Bed, Bug, and Beyond

Hauling cast-offs from your neighbors’ trash is kind of like autoerotic asphyxiation:  It’s all fun and games until you’re well hung.

Oh yes, I’ve hung myself  well. Cimex lectularius, aka the bed bug, has taken hold of my home and lecturously clung to me, tying my noose in a rust colored bow. A creature smaller than a pencil top has wrecked my life emotionally, socially, and reduced me to semi -penury.

800px-Bed_bug,_Cimex_lectularius
S’up?

 

There are two things to do when you find you have a bedbug problem. First, tell everybody! Brag to your 1.5 friends that your previous state of having no blood relatives has been remedied by playing host to a growing family of consanguinious creatures. Your 1.5 friends may become .05 friends that are willing to touch you with a 10 ft. pole, but now you will have many bedfellows who find your society delicious.
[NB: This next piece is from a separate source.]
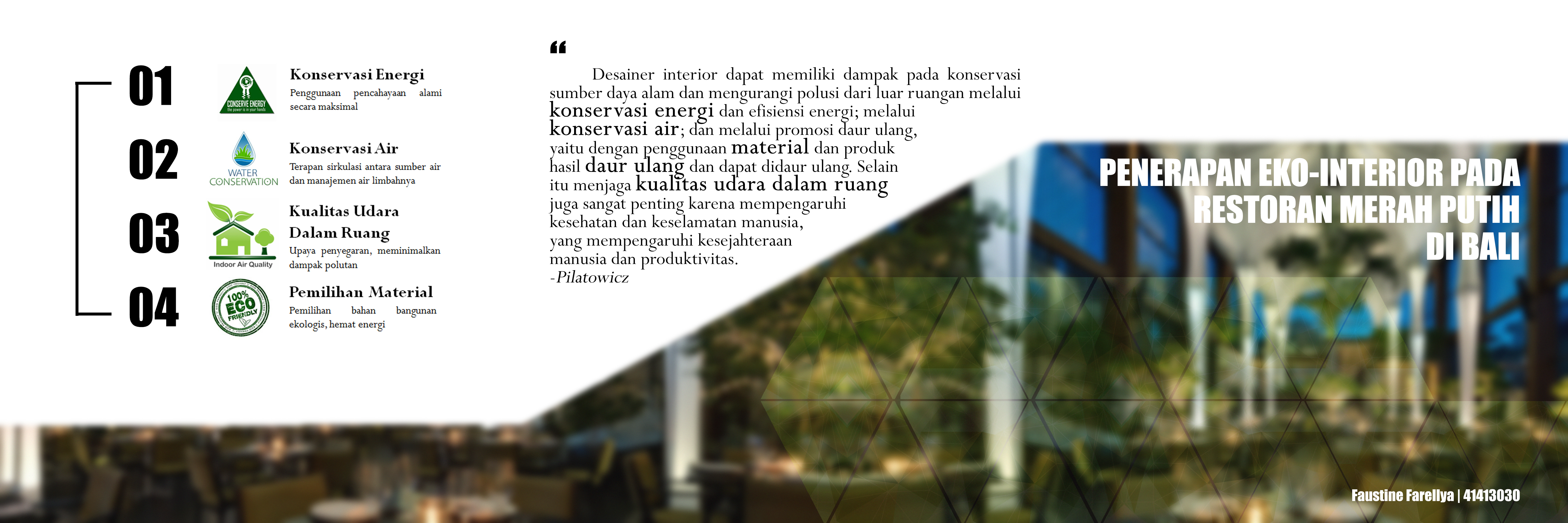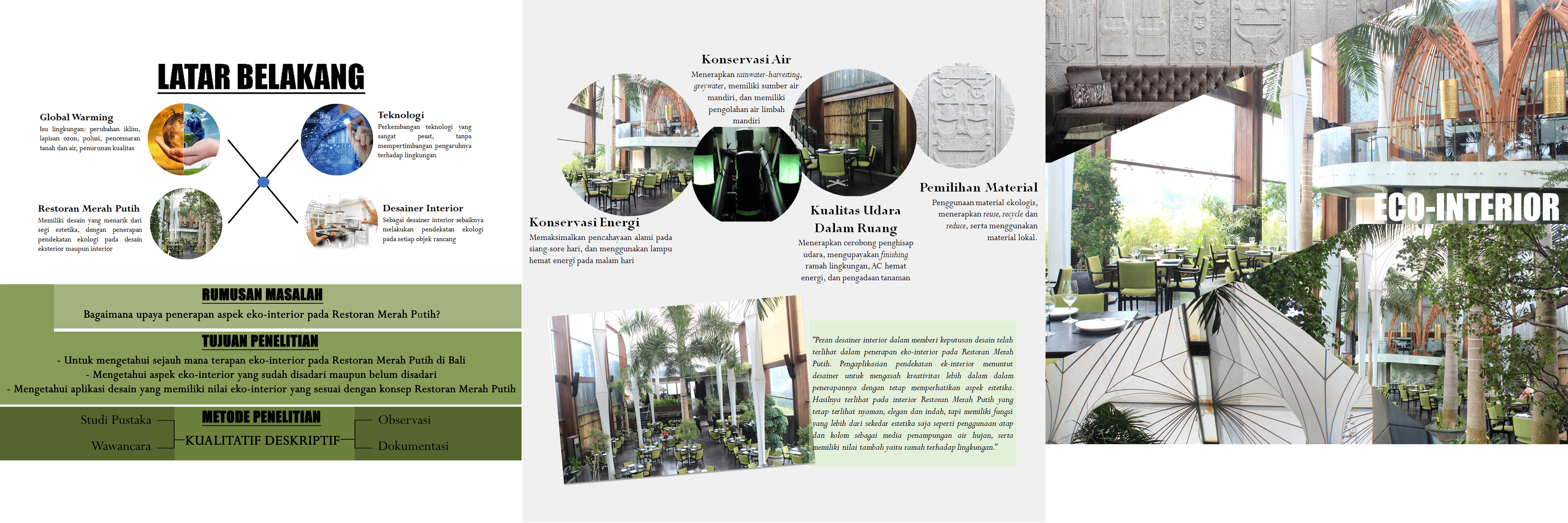 Salah satu upaya yang dapat dilakukan oleh desainer interior dalam mengatasi isu-isu lingkungan adalah dengan menerapkan pendekatan eko-interior pada konsep perancangannya. Penerapan eko-interior sangat diperlukan untuk menanamkan sikap bertanggung jawab terhadap lingkungan. Selain itu, penerapan eko-interior dapat membantu mewujudkan ruang yang sehat, ramah lingkungan, dan meningkatkan kenyamanan serta produktivitas. Aspek-aspek eko-interior yang meliputi konservasi energi, konservasi air, kualitas udara dalam ruang, dan pemilihan material, akan digunakan sebagai tolok ukur analisis pada penelitian ini. Restoran Merah Putih dipilih sebagai objek penelitian karena restoran ini telah menerapkan prinsip ramah lingkungan pada bangunannya, baik dari segi eksterior maupun interior. Penelitian ini bertujuan untuk mengetahui penerapan aspek eko-interior pada bangunan Restoran Merah Putih di Bali. Metode penelitian yang digunakan adalah pendekatan kualitatif dengan metode analisis deskriptif. Hasil dari penelitian ini adalah restoran telah menerapkan aspek-aspek eko-interior secara maksimal pada aspek konservasi energi dan konservasi air. Penggunaan pencahayaan alami telah dimaksimalkan sepanjang hari pada setiap area pada restoran, serta menggunakan pencahayaan buatan hemat energi pada malam hari. Pada aspek konservasi air, restoran telah menerapkan sistem penampungan air hujan dan pengolahan air limbah. Sedangkan pada aspek kualitas udara dalam ruang dan pemilihan material masih belum diterapkan secara optimal pada area-area restoran secara keseluruhan, seperti kurangnya ventilasi serta material dan finishing pada elemen pembentuk ruang (lantai, dinding, plafon), elemen pengisi ruang maupun elemen dekoratif yang tidak sepenuhnya ramah lingkungan.

The second thing is watch how you become as popular as a prostitute with mouth herpes on a Tuesday night. Watch as your friends inspect their domiciles as you wait with bated breath for the horror that your new family might have jumped  ship for tastier fare. You will begin to see your bug relatives in every speck of dust, feel them, and itch from them when they aren’t there. You begin to wish for a bolt of lightening to strike your apartment and incenerate your tiny family. Your new relations are about as well esteemed to you as  your Appalachian cousins, but unlike your cousins, your bed bug family won’t abandon you. Lucky you.

 

I began suspecting when I killed a tiny blood red critter  walking its merry way across my pillow. It’s a baby bed bug, I inwardly squealed. No, came my angry reply to the voice within, it’s a spider mite tracked in by one of my cats. I told my psych nurse about the sighting and she agreed with my surmise.

A few nights later, I saw another insect, chubby and waddling. That’s an odd looking cucarocha.

And then December 26. D Day. I saw a bug close enough for me to grab  and I captured it alive in a pill bottle.  Oh dear God, that sure looks like an unfed bed bug. The poor little thing couldn’t keep itself right side up and flailed about so pitifully I had to stop looking at it.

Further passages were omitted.